[Collection entries]
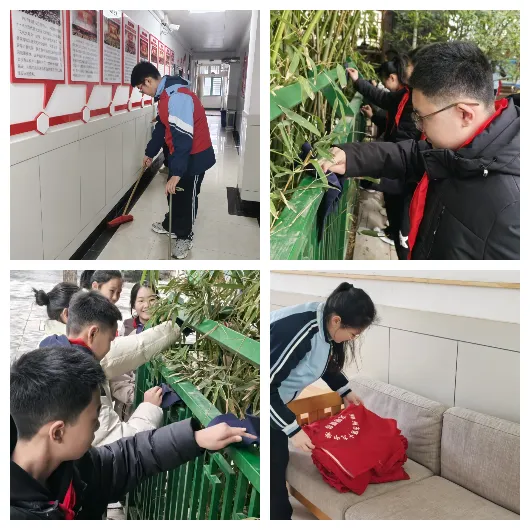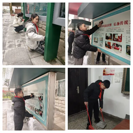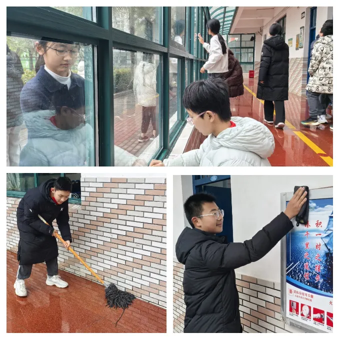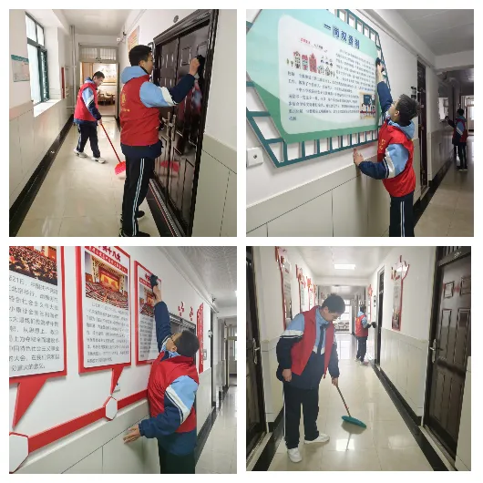 同学们分工协作、热情高涨,有序开展校园清洁志愿服务。大家手持扫帚、抹布等工具,认真清扫校园道路与公共区域卫生,细致打扫教室、广播室,用心擦拭校园展板,不放过任何卫生死角。同学们干劲十足、配合默契,忙碌的身影成为校园里一道温暖的风景线,经过共同努力,校园环境更加整洁有序,公共区域焕然一新。
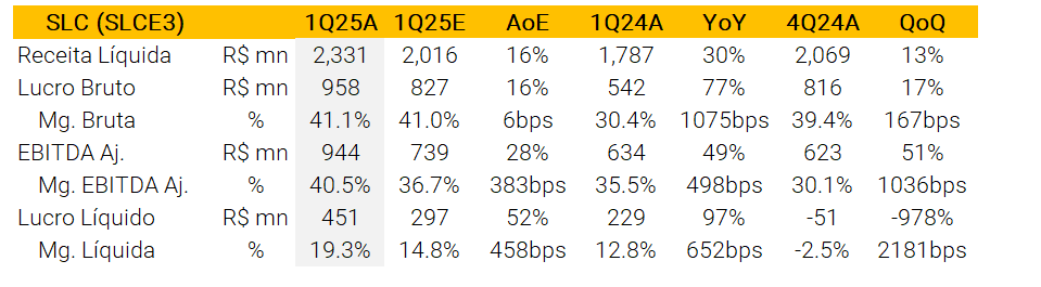 SLC (SLCE3) | Revisão de resultados do 1T25: Resultados sólidos; FCF negativo devido à fase de expansão
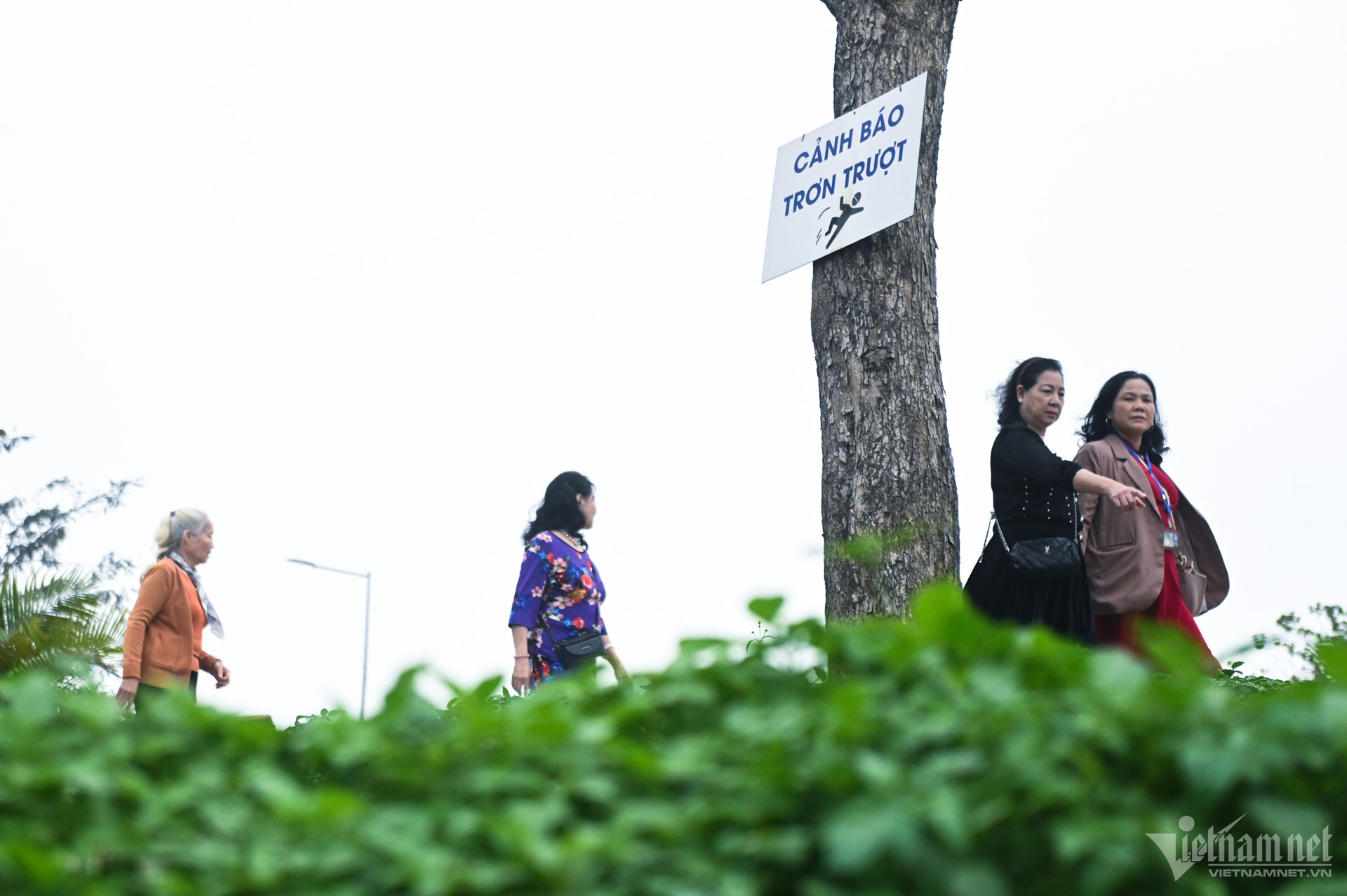 Chị Dương (cư dân sống gần công viên) phàn nàn, khu vực sân chơi cho trẻ có treo biển cảnh báo nguy hiểm khiến mọi người không hiểu nguy hiểm ở chỗ nào.
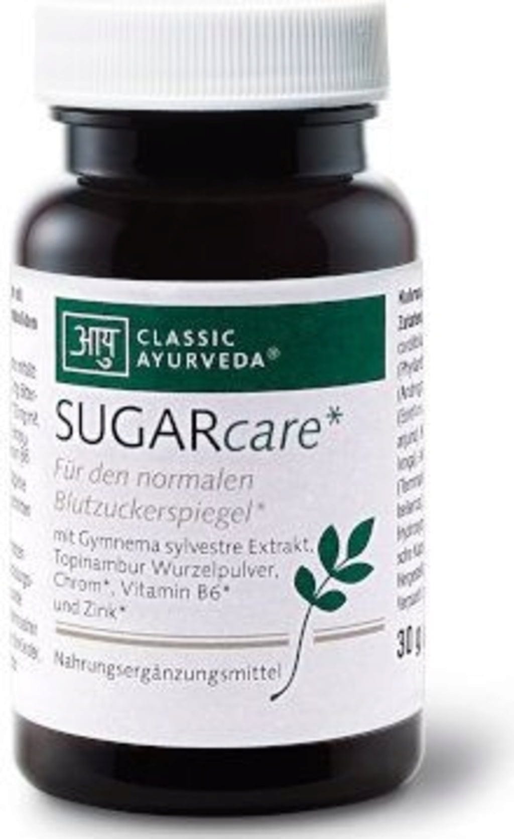 SUGARcare-kapslarna från Classic Ayurveda kombinerar viktiga mikronäringsämnen med ett urval traditionella växtextrakt. Recepturen baseras på gymnema sylvestre och jordärtskockspulver, kompletterat med extrakt av amla, guduchi och gurkmeja samt triphalapulver. Sammansättningen är särskilt framtagen för att komplettera den dagliga kosten.
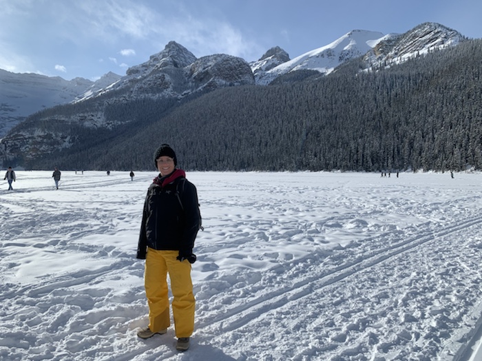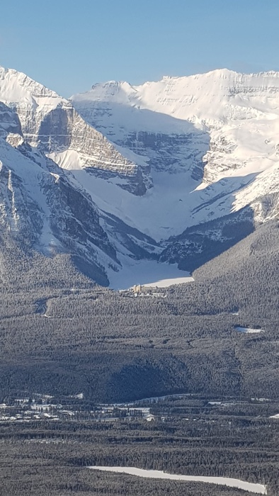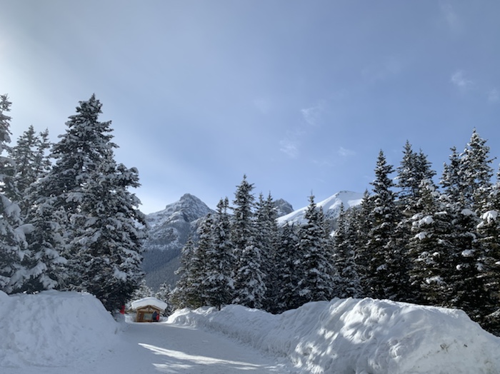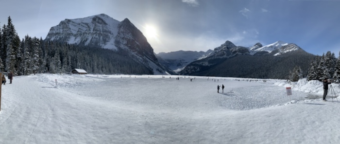 Soleil pour notre balade. Traversée du Lake Louise et vue grandiose.
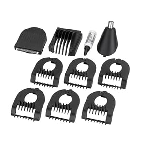 Five-position comb guide for cutting lengths 4 mm, 6.5 mm, 9 mm, 11.5 mm and 14 mm. Three stubble combs. Three Jaw line blending combs 1 mm, 2 mm and 3 mm
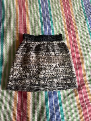 Falda corta con un diseño tejido y texturizado. La cintura es elástica y de acabado brillante. Tejido con hilos de diferentes colores y texturas.
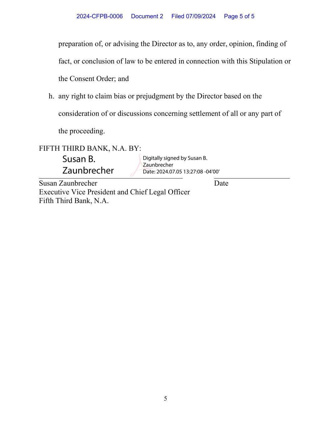 5 preparation of, or advising the Director as to, any order, opinion, finding of fact, or conclusion of law to be entered in connection with this Stipulation or the Consent Order; and h. any right to claim bias or prejudgment by the Director based on the consideration of or discussions concerning settlement of all or any part of the proceeding. FIFTH THIRD BANK, N.A. BY: ______________________________________ ____________________ Susan Zaunbrecher Date Executive Vice President and Chief Legal Officer Fifth Third Bank, N.A. Susan B. Zaunbrecher Digitally signed by Susan B. Zaunbrecher Date: 2024.07.05 13:27:08 -04'00' y 2024-CFPB-0006 Document 2 Filed 07/09/2024 Page 5 of 5

**Problem requirements**. Starting at the line that contains "SUGARcare-kapslarna från Classic" and ending at the final line of the data, reproduce each line exactly. Pictures stay out of the copy.

**Output**.
 SUGARcare-kapslarna från Classic Ayurveda kombinerar viktiga mikronäringsämnen med ett urval traditionella växtextrakt. Recepturen baseras på gymnema sylvestre och jordärtskockspulver, kompletterat med extrakt av amla, guduchi och gurkmeja samt triphalapulver. Sammansättningen är särskilt framtagen för att komplettera den dagliga kosten.
 Soleil pour notre balade. Traversée du Lake Louise et vue grandiose.
 Five-position comb guide for cutting lengths 4 mm, 6.5 mm, 9 mm, 11.5 mm and 14 mm. Three stubble combs. Three Jaw line blending combs 1 mm, 2 mm and 3 mm
 Falda corta con un diseño tejido y texturizado. La cintura es elástica y de acabado brillante. Tejido con hilos de diferentes colores y texturas.
 5 preparation of, or advising the Director as to, any order, opinion, finding of fact, or conclusion of law to be entered in connection with this Stipulation or the Consent Order; and h. any right to claim bias or prejudgment by the Director based on the consideration of or discussions concerning settlement of all or any part of the proceeding. FIFTH THIRD BANK, N.A. BY: ______________________________________ ____________________ Susan Zaunbrecher Date Executive Vice President and Chief Legal Officer Fifth Third Bank, N.A. Susan B. Zaunbrecher Digitally signed by Susan B. Zaunbrecher Date: 2024.07.05 13:27:08 -04'00' y 2024-CFPB-0006 Document 2 Filed 07/09/2024 Page 5 of 5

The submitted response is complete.